The government had issued a a so-called "pen/trap order" to access metadata from the account of a target, thought to be Snowden. The day the order was issued, Levison refused to comply, according to court documents. The decision was followed by another order stating that Lavabit would be in contempt of court if it continued to not comply.
“As each day passed, the government lost forever the ability to collect the target-related data for that day,” Agee said in the court order.
Levison said the government forced him to provide SSL encryption keys to his secure emailing service as part of its investigation into Snowden, leading him to close his business because he and his users rely on its secure messaging capabilities. His lawyers also argued that he was not required to provide investigators with the amount of information they sought.

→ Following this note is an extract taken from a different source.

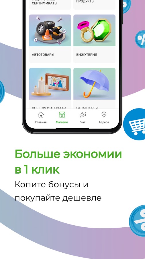 Зарегистрируйте виртуальную бонусную карту прямо в приложении и получайте мгновенные скидки, накапливайте баллы и используйте их при следующих покупках.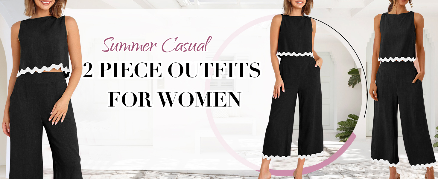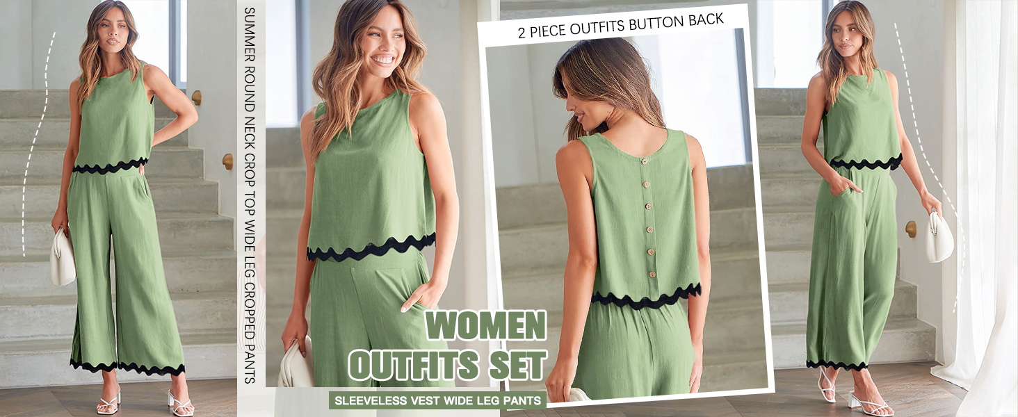 Design: This sleeveless round neck crop top and matching high-waisted loose athletic pants set, perfect for your summer workout routine or as casual wear. This two piece lounge set women features embellished with wave stripe detail and button back, it will make you stand out from the crowd.

Instead of addressing the argument that providing such information could compromise his business, the court’s decision focuses on Lavabit’s procedural handling of its complaints.
“At an absolute minimum, if Lavabit believed that the turnover of the keys was invalid under the pen/trap order, then it should have acted once the district court’s August 1 order issued,” the court said. “It did not.”
Levison has said he could have given investigators access to a single account like he had done in the past, but the nature of their request for “live” access to user information would have compromised Lavabit’s entire system.
The American Civil Liberties Union, which filed an amicus brief in the appeal, said the court focused on the procedural aspects of the case unrelated to Lavabit's claims.
"On the merits, we believe it’s clear that there are limits on the government’s power to coerce innocent service providers into its surveillance activities," said ACLU attorney Brian Hauss in an emailed statement. "The government exceeded those limits when it asked Lavabit to blow up its business –and undermine the encryption technology that ensures our collective cybersecurity – to get information that Lavabit itself offered to provide."
A similar FBI demand preceded the closure of Lavabit’s rival Hushmail, which complied with investigators seeking information on users in 2007.